Suavemente percorro o caminho das tuas mãos
e encontro estrelas bordadas a silêncio
e são apenas espinhos que ficaram dos teus passos.
O murmúrio da cidade traz-me vozes extintas,
como nessa outra noite de todos os prodígios
quando nos cobrimos de flores do rio
e se quebraram no chão todas as raízes
e nos abeirámos da morte para rir dos
pássaros de olhar resoluto e frio...
Resumo-me a espantar na dor o pó dos meus dias
e a ouvir aquele marulhar da memória
que escorre nas horas de cascatas desmedidas,
quando a curva do tempo me traz nas suas águas,
o teu olhar azul-ametista reflectido .
Então sei qual a cor da ternura
e o vazio dos penhascos desfeitos de erosão.
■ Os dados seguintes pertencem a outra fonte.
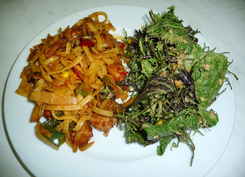 Bami Goreng aus der TK und eigener Asia-Salat mit Walnüssen.

Invento-te assim brisa de Verão como carícia,
como verbo, como liga de metais ou fusão de pedrarias,
na incandescência de um desejo
que escorre dos teus olhos para os meus dedos
em forma de palavra esvaída.
Apenas uma Lua peregrina assoma ao céu do teu olhar,
quando falas e sorris para lá do vento.
E o silêncio é de seda, como o toque dos meus dedos
nos momentos de pedra, ou arrepio, coisa breve,
mais fresca que espraiar de maresia...
Liberto os pássaros da memória
e adormeço-te no meu peito
como pergaminho desfeito pelo tempo
ou pelo suor acre do meu corpo...
e assim sonho o teu olhar imensamente louco...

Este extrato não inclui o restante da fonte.